BlockBeats News, December 16 — The US November Non-Farm Payrolls report will be released today. The market generally expects only about 50,000 new jobs and forecasts the unemployment rate may rise to 4.4%–4.5%, indicating a generally weak tone. FOREX.com pointed out that any results below expectations could accelerate market pricing in the Federal Reserve’s next rate cut; Mitsubishi UFJ also warned that if both employment and unemployment rates worsen simultaneously, the dollar selling pressure could persist until the end of the year.

It is important to note that both this non-farm report and the upcoming CPI data are “incomplete data.” Due to the government shutdown, October’s unemployment rate was missing historically, parts of the CPI components could not be re-measured, and the household survey weights for November were forced to be adjusted. The official also acknowledged that short-term data variance is high.

This means that the credibility of a single number decreases, and the market will be more inclined to trade on “policy expectation” and “risk sentiment changes” rather than on precise employment growth figures.

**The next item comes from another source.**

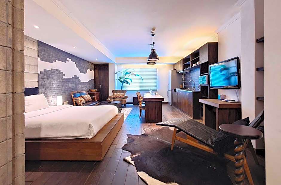 Spacious and chic, this loft-style suite can sleep a family of 4. Featuring tall ceilings and concrete heated flooring, there is a fully equipped kitchen and a sofa on the first floor. Beds are on the second floor.

From a crypto market perspective, weak non-farm data combined with distorted data has a dual impact on risk assets: on one hand, the earlier rate cut expectations are beneficial for liquidity prospects and provide medium-term support for assets like BTC; on the other hand, increased data uncertainty could trigger short-term sharp fluctuations in interest rates, the dollar, and the crypto markets, making leveraged positions more vulnerable to liquidation.

Bitunix analyst: During the “low credibility macro data” phase, the core market debate is not about whether the non-farm payrolls are good or bad, but whether they are enough to change the Federal Reserve’s policy narrative. The crypto market needs to be alert to liquidity cleansing and high-volatility conditions before and after the event, with a focus on whether capital is leveraging macro uncertainties to de-leverage and re-price.